**TASK ITEM:**
As the answer, give exactly the lines of the records below from the one with "La taille de" through the one with "圖6 優化后路口通行情況(四", ends included and pictures left out.

**DATA FOR THIS TASK:**

»»

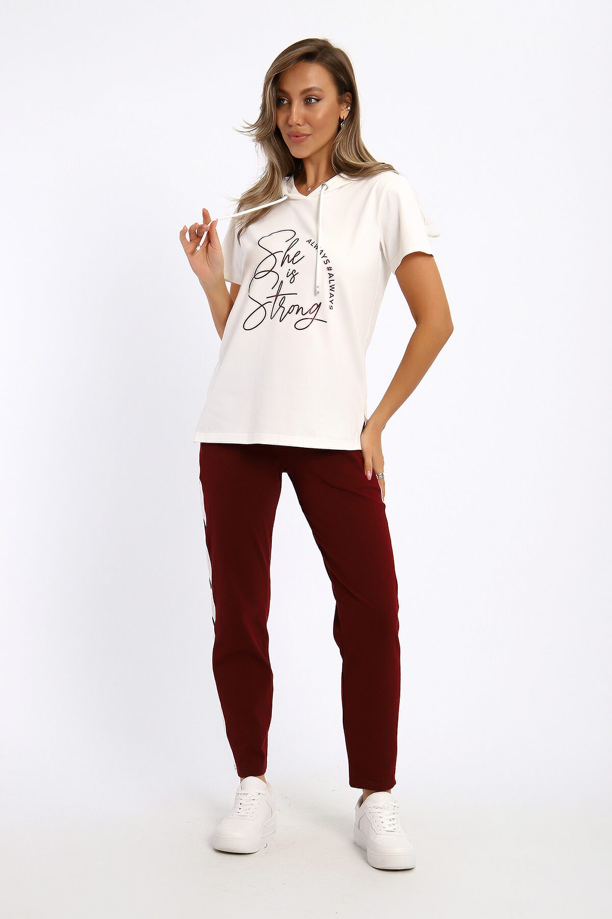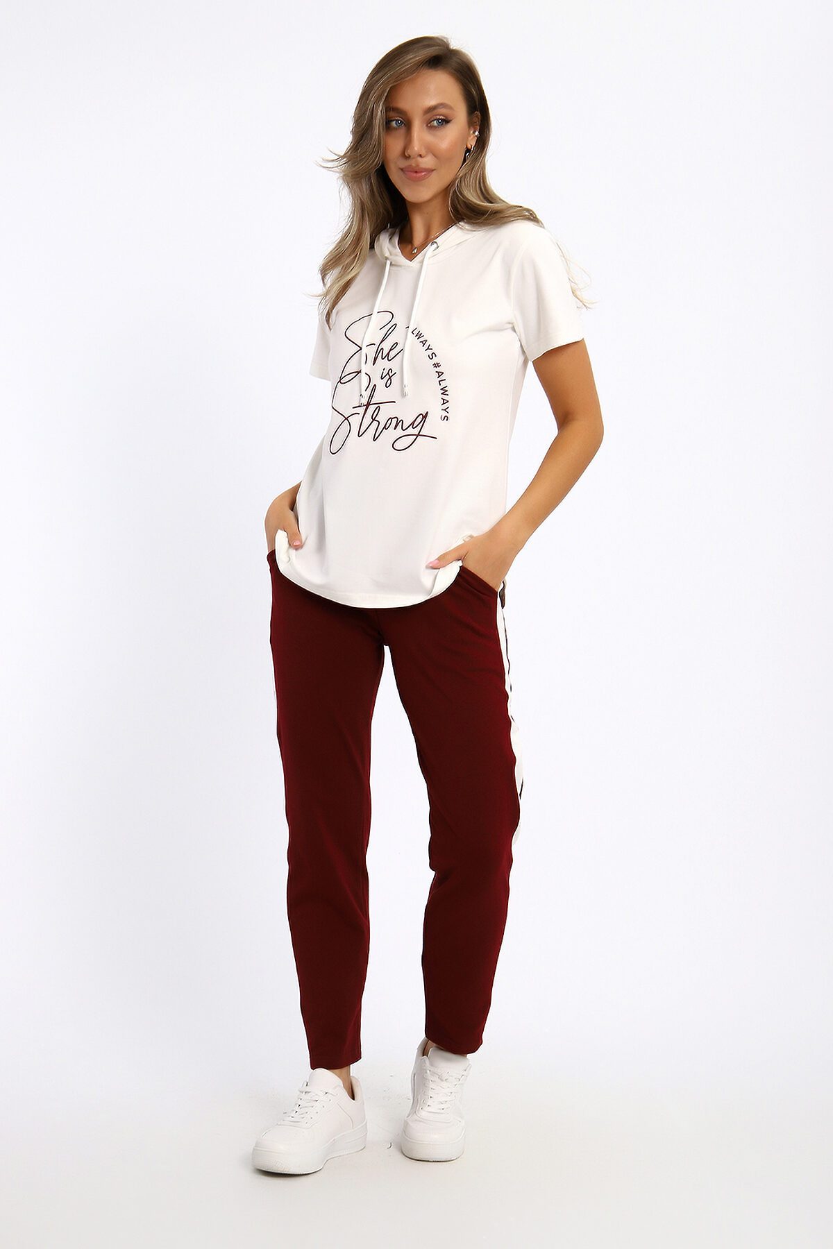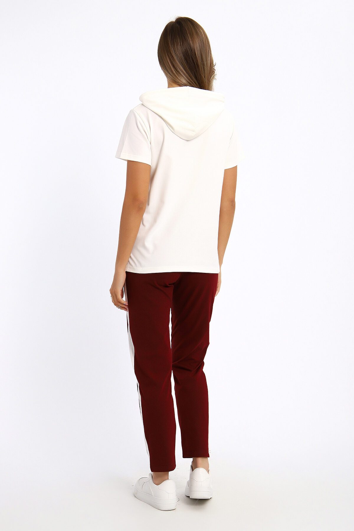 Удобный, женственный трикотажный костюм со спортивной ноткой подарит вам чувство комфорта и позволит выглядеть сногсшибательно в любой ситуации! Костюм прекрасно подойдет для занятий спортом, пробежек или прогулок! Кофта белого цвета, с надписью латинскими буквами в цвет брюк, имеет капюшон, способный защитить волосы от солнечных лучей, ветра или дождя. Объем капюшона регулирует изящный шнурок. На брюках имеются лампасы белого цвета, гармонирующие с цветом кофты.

««
»»

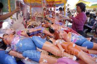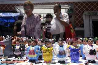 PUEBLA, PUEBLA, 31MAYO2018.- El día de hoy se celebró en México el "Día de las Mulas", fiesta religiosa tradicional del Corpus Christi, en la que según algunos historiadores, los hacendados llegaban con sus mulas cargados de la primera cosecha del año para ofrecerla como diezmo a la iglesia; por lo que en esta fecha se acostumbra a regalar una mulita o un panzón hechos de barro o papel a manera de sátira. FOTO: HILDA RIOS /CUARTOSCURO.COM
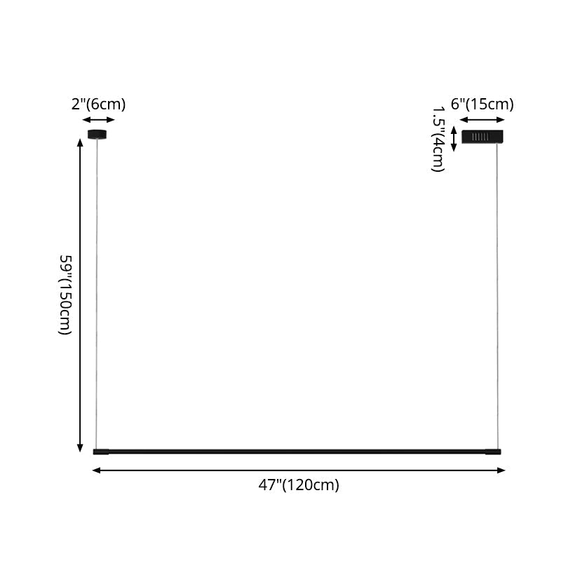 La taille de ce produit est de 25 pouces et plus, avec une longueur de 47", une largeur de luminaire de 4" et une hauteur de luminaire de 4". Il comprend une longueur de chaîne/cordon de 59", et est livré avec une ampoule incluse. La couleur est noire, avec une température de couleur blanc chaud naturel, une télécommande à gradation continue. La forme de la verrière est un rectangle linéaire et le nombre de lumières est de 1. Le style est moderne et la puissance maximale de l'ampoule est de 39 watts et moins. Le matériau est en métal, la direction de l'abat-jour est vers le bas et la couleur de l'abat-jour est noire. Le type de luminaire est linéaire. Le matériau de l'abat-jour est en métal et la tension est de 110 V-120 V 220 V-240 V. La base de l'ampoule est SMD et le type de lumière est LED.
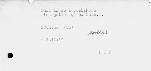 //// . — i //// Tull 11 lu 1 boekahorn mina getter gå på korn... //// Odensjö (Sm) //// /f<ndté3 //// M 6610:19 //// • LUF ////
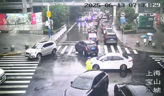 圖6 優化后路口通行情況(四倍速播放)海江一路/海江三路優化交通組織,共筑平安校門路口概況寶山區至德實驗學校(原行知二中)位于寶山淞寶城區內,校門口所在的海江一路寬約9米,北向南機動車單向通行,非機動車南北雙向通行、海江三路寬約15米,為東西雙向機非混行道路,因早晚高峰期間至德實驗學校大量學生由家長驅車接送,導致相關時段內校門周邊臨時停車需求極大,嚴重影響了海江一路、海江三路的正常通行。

««

**TASK RESPONSE:**
 La taille de ce produit est de 25 pouces et plus, avec une longueur de 47", une largeur de luminaire de 4" et une hauteur de luminaire de 4". Il comprend une longueur de chaîne/cordon de 59", et est livré avec une ampoule incluse. La couleur est noire, avec une température de couleur blanc chaud naturel, une télécommande à gradation continue. La forme de la verrière est un rectangle linéaire et le nombre de lumières est de 1. Le style est moderne et la puissance maximale de l'ampoule est de 39 watts et moins. Le matériau est en métal, la direction de l'abat-jour est vers le bas et la couleur de l'abat-jour est noire. Le type de luminaire est linéaire. Le matériau de l'abat-jour est en métal et la tension est de 110 V-120 V 220 V-240 V. La base de l'ampoule est SMD et le type de lumière est LED.
 //// . — i //// Tull 11 lu 1 boekahorn mina getter gå på korn... //// Odensjö (Sm) //// /f<ndté3 //// M 6610:19 //// • LUF ////
 圖6 優化后路口通行情況(四倍速播放)海江一路/海江三路優化交通組織,共筑平安校門路口概況寶山區至德實驗學校(原行知二中)位于寶山淞寶城區內,校門口所在的海江一路寬約9米,北向南機動車單向通行,非機動車南北雙向通行、海江三路寬約15米,為東西雙向機非混行道路,因早晚高峰期間至德實驗學校大量學生由家長驅車接送,導致相關時段內校門周邊臨時停車需求極大,嚴重影響了海江一路、海江三路的正常通行。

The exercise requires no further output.